What is the derivative of:
\(f(x)=\left(1-kx\right)ae^{-kx}\)
a and k are constants.
Using the product rule
f'(x) = f'(u)*f(v) + f(u)*f'(v)
f(u) = 1-kx
f'(u) = -k
f(v) = \(ae^{-kx}\)
f'(v) = \(-ake^{-kx}\)
\(f'\left(x\right)=-kae^{-kx}+\left(1-kx\right)\left(-ake^{-kx}\right)\)
\(f'\left(x\right)=kae^{-kx}-kae^{-kx}+k^2xae^{-kx}\)
\(f'\left(x\right)=k^2xae^{-kx}\)
I've messed up somewhere...
Okay simple mistake (forgot a - sign).
My answer however ended up being.
ake-kx(kx-2)
And the answer in the book is:
ae-kx(k2x-2k)
Is it standard practice to keep 'like' terms together to make it simplier to find 3rd derivatives/inflection points? (the original function is actually the first derivative, so here we were finding the 2nd derivative).
Hi Alan,
Yes I know these are the same, my question was more... would there be a specific reason to give the result as:
ae-kx(k2x-2k)
Both k2x-2k and kx-2 are suitable for finding the inflection point, so I'm just curious if there is some specific reason to list it that way (typically I just factor everything I can).
+33615 I don't think there's a strong reason for expressing the answer this way.
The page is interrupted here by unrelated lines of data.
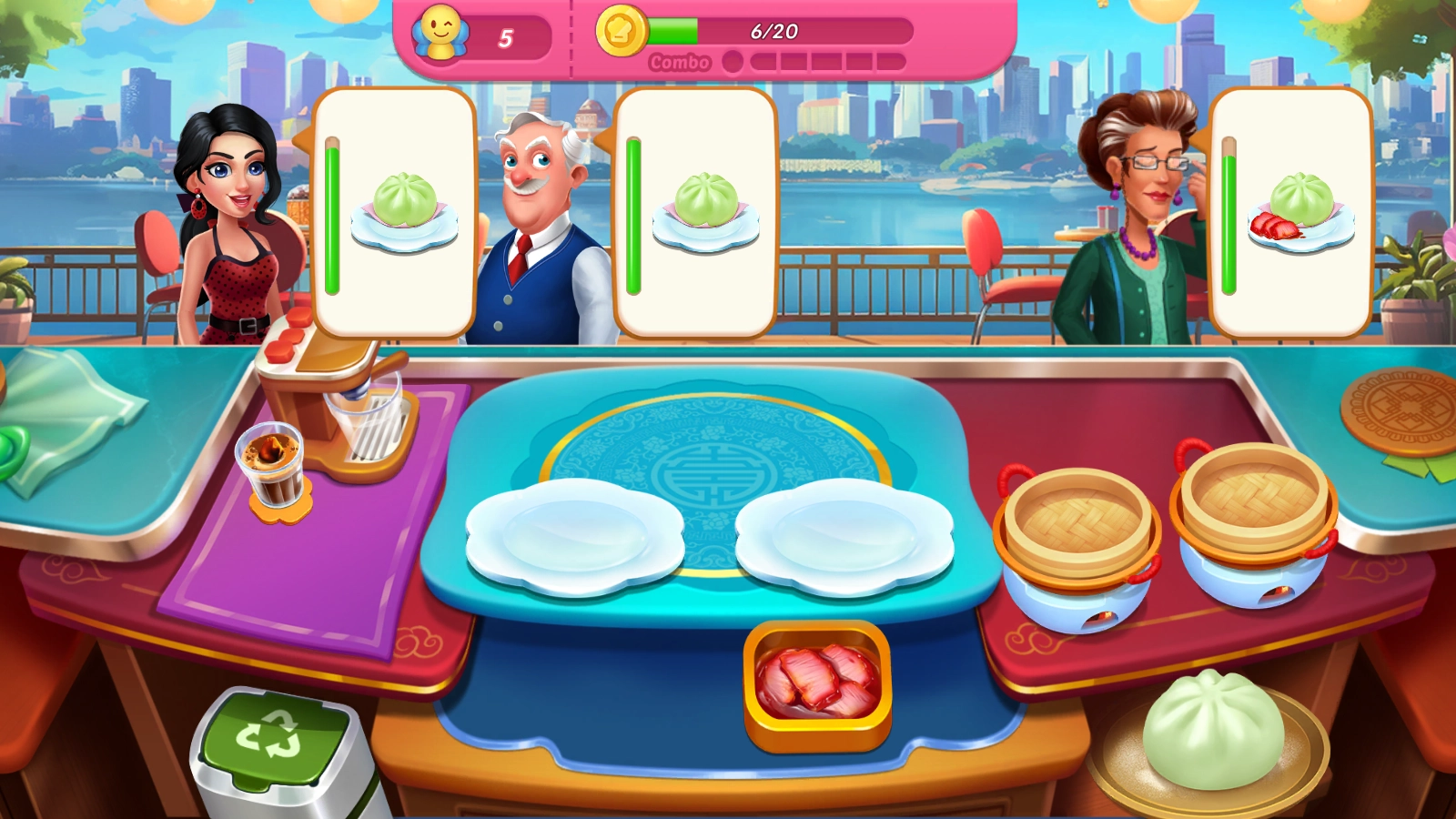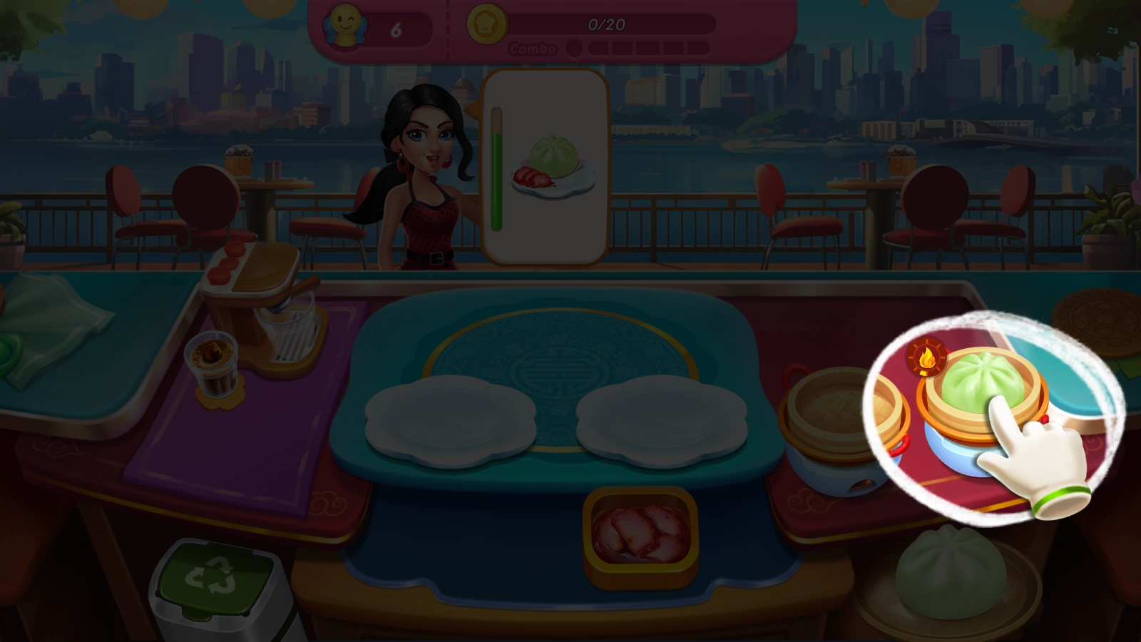 2.点击相应的食材包子会自动放入蒸笼里,时间到了后点击就可将其拿出。
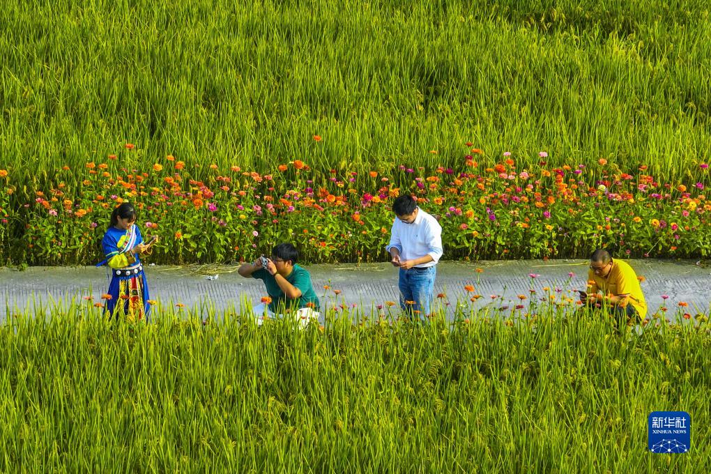 11月4日,在浙江省余姚市三七市鎮魏家橋村,游客在稻田邊游玩拍照(無(wú)人機照片)。
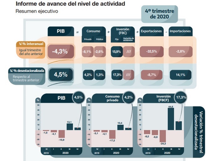 El producto interno bruto (#PIB) creció 4,5% en el 4° trimestre de 2020 en relación al período previo https://t.co/uqEvhzM9j9 pic.twitter.com/tRci8EKpy4
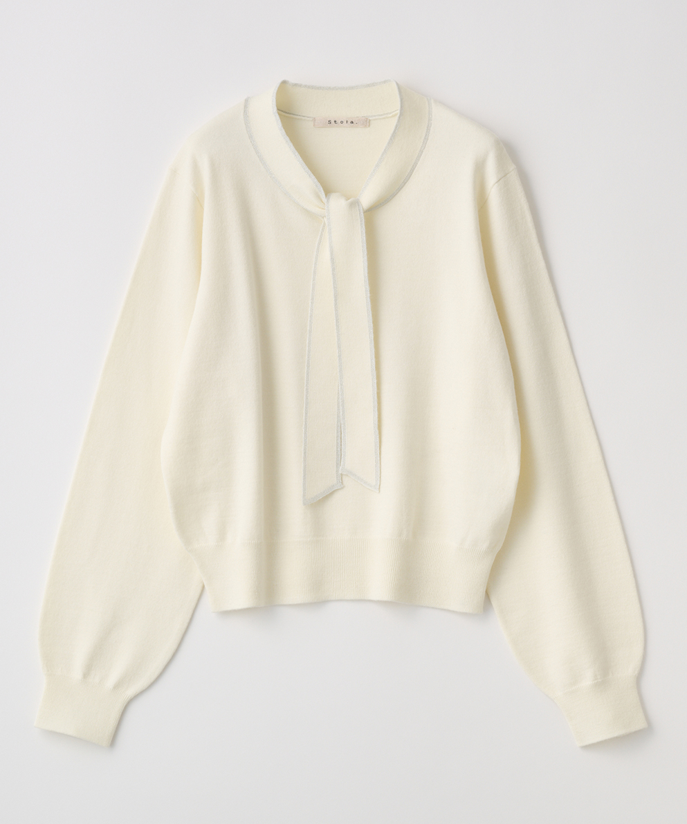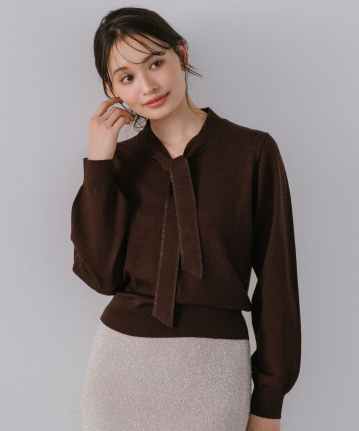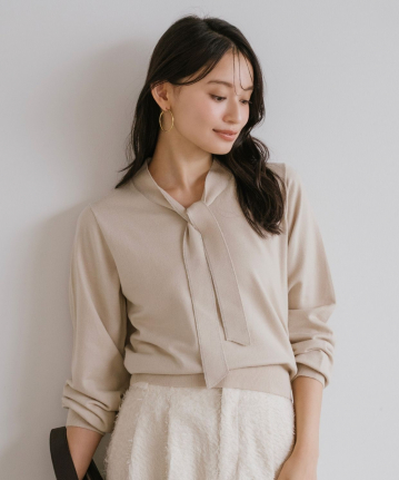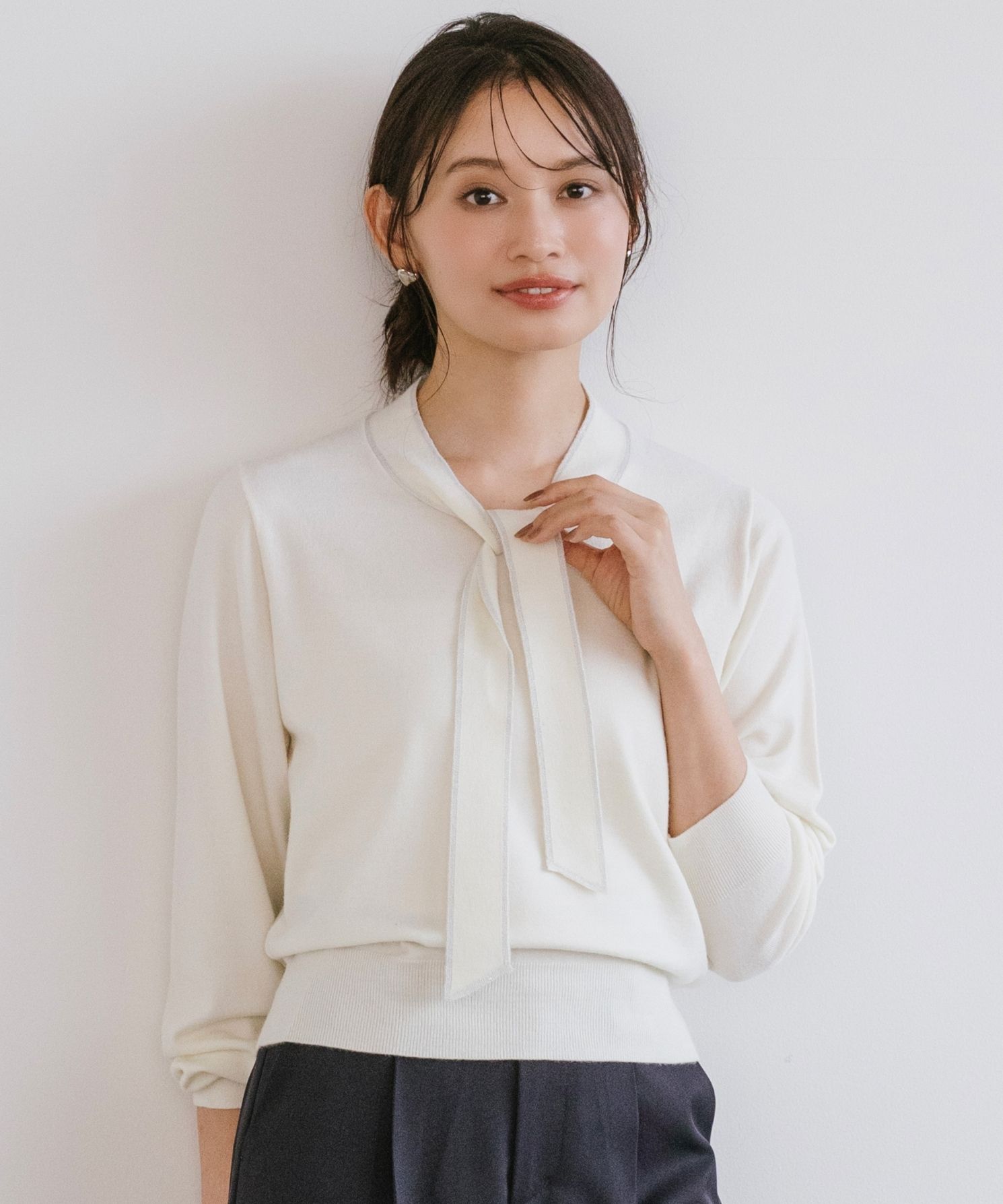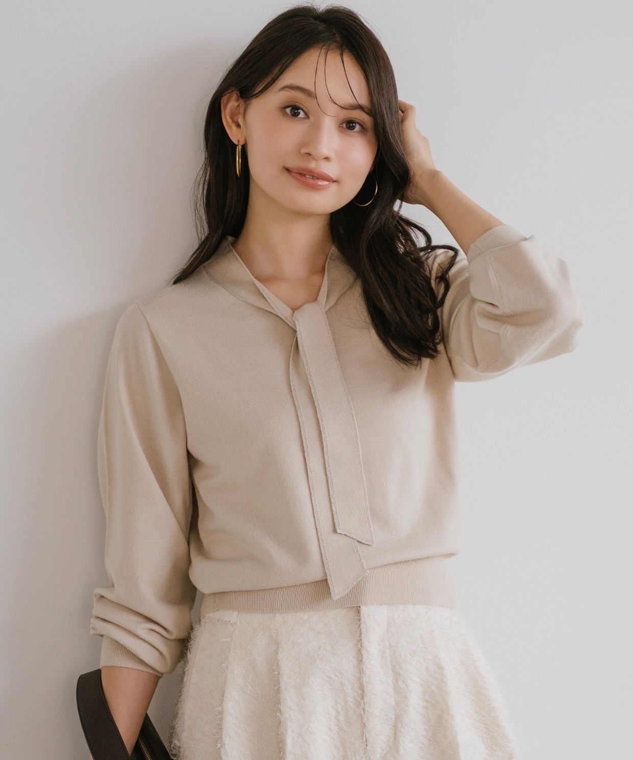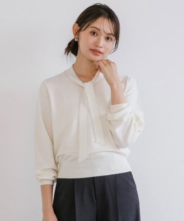 ・柔らかなニット素材にクラシカルなボウタイをあしらったデザインのニットプルオーバーです。

You could have asked the same question if it had been expressed your way! Sometimes it is easier to do further derivatives if the results are given in one form rather than another, but in this case either form is easy to take further it seems to me. Certainly, there is no general rule I'm aware of that specifies what form such a derivative should take.